Assignment
Output the listing exactly, without its pictures.

Dataset section
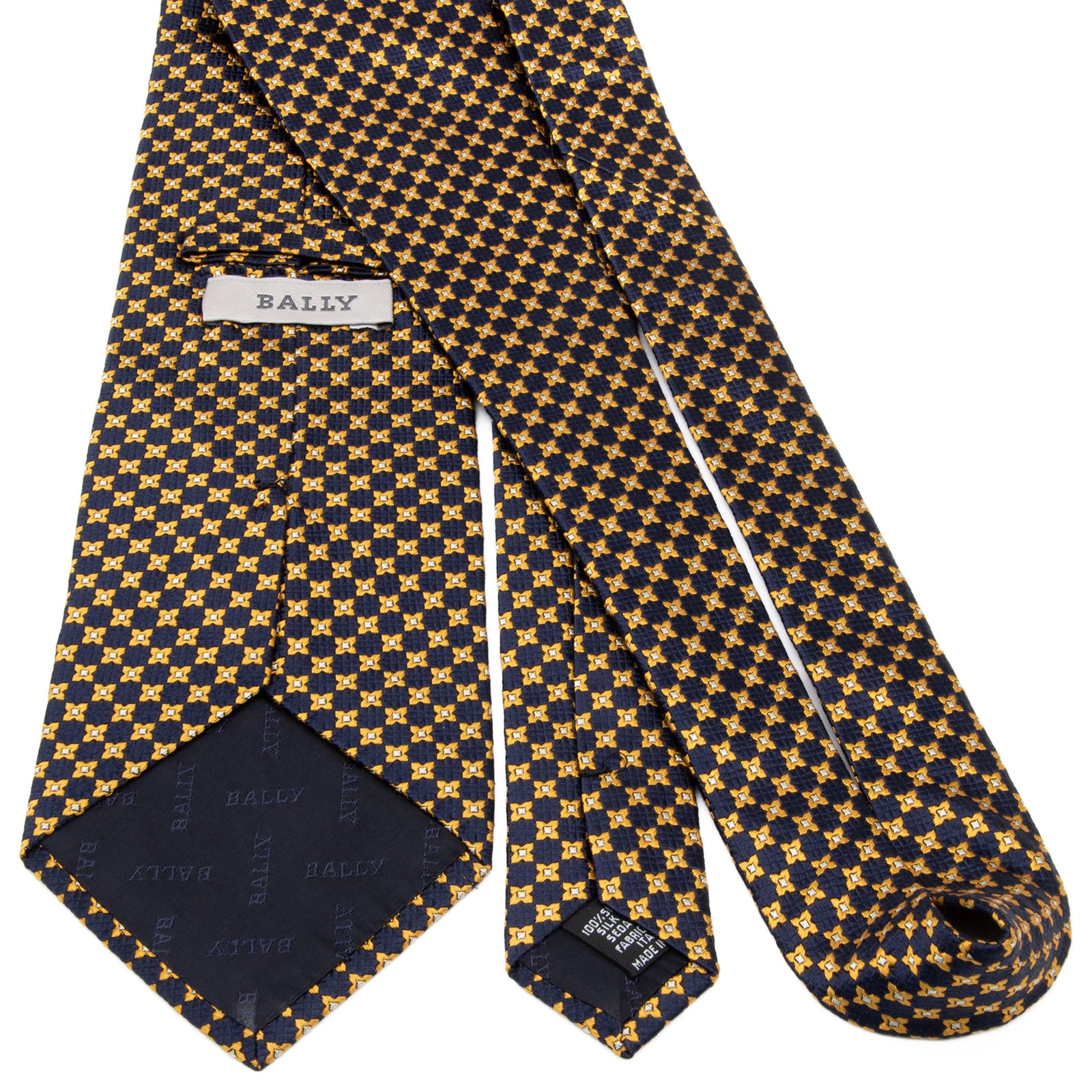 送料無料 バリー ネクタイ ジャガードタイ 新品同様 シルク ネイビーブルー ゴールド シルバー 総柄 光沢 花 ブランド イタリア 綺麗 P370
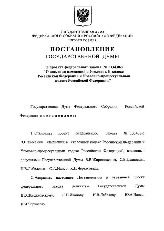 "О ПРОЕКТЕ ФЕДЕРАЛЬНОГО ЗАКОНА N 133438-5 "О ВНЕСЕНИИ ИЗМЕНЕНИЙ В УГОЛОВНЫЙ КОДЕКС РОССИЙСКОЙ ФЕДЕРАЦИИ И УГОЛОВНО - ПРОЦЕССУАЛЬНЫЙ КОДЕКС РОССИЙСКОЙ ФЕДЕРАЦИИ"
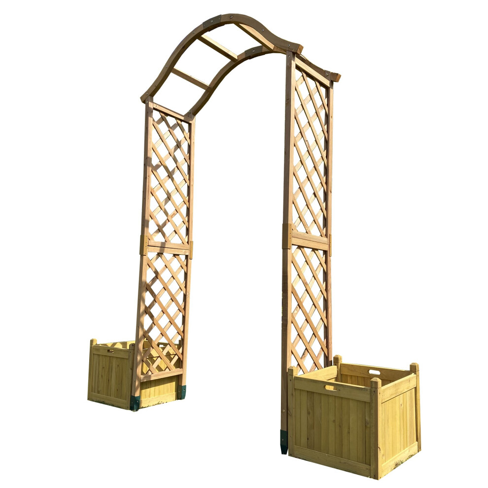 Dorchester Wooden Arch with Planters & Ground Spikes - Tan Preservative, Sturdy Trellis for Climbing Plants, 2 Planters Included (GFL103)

Result of this exercise
 送料無料 バリー ネクタイ ジャガードタイ 新品同様 シルク ネイビーブルー ゴールド シルバー 総柄 光沢 花 ブランド イタリア 綺麗 P370
 "О ПРОЕКТЕ ФЕДЕРАЛЬНОГО ЗАКОНА N 133438-5 "О ВНЕСЕНИИ ИЗМЕНЕНИЙ В УГОЛОВНЫЙ КОДЕКС РОССИЙСКОЙ ФЕДЕРАЦИИ И УГОЛОВНО - ПРОЦЕССУАЛЬНЫЙ КОДЕКС РОССИЙСКОЙ ФЕДЕРАЦИИ"
 Dorchester Wooden Arch with Planters & Ground Spikes - Tan Preservative, Sturdy Trellis for Climbing Plants, 2 Planters Included (GFL103)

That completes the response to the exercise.